Transcutaneous Cervical Vagus Nerve Stimulation Ameliorates Acute Ischemic Injury in Rats




Curated By TMS Solutions on Sep 27, 2016 1:41:00 PM
Curated By TMS Solutions

Title:

Transcutaneous Cervical Vagus Nerve Stimulation Ameliorates Acute Ischemic Injury in Rats.

Authors:

Ay I; Nasser R; Simon B; Ay H.
Brain Stimulation. 9(2):166-73, 2016 Mar-Apr.
[Journal Article. Research Support, N.I.H., Extramural]

 

BACKGROUND: Direct stimulation of the vagus nerve in the neck via surgically implanted electrodes is protective in animal models of stroke. We sought to determine the safety and efficacy of a non-invasive cervical VNS (nVNS) method using surface electrodes applied to the skin overlying the vagus nerve in the neck in a model of middle cerebral artery occlusion (MCAO).

METHODS: nVNS was initiated variable times after MCAO in rats (n = 33). Control animals received sham stimulation (n = 33). Infarct volume and functional outcome were assessed on day 7. Brains were processed by immunohistochemistry for microglial activation and cytokine levels. The ability of nVNS to activate the nucleus tractus solitarius (NTS) was assessed using c-Fos immunohistochemistry.
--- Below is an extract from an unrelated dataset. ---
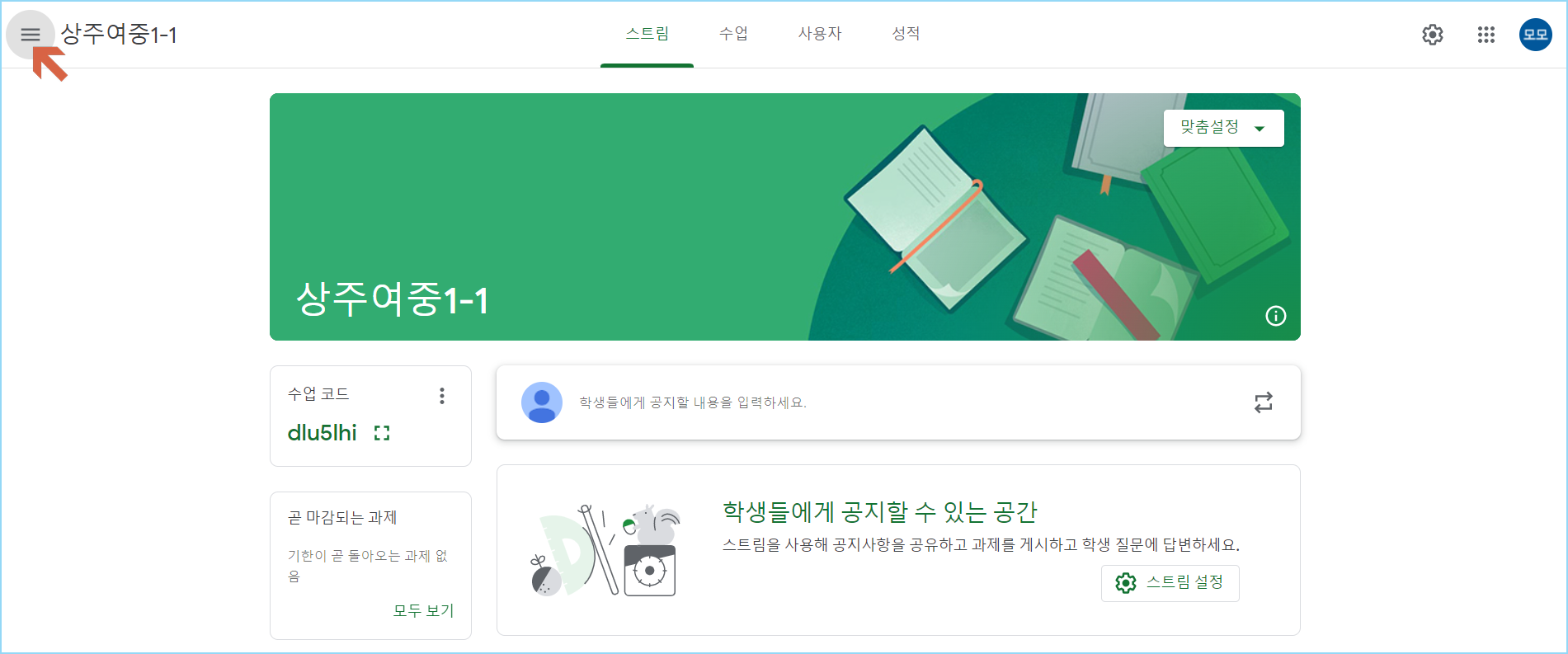 상주여중1-1 교실이 만들어졌습니다. 그럼 상주여중 1-2, ...계속 만들어야 되는데요. 상주여중 1-1옆에 있는 세줄아이콘을 누릅니다.

RESULTS: Infarct volume was 43.15 +/- 3.36 percent of the contralateral hemisphere (PCH) in control and 28.75 +/- 4.22 PCH in nVNS- treated animals (p < 0.05). The effect of nVNS on infarct size was consistent when stimulation was initiated up to 4 hours after MCAO. There was no difference in heart rate and blood pressure between control and nVNS-treated animals. The number of c-Fos positive cells was 32.4 +/- 10.6 and 6.2 +/- 6.3 in the ipsilateral NTS (p < 0.05) and 30.4 +/- 11.2 and 5.8 +/- 4.3 in the contralateral NTS (p < 0.05) in nVNS-treated and control animals, respectively. nVNS reduced the number of Iba-1, CD68, and TNF-alpha positive cells and increased the number of HMGB1 positive cells.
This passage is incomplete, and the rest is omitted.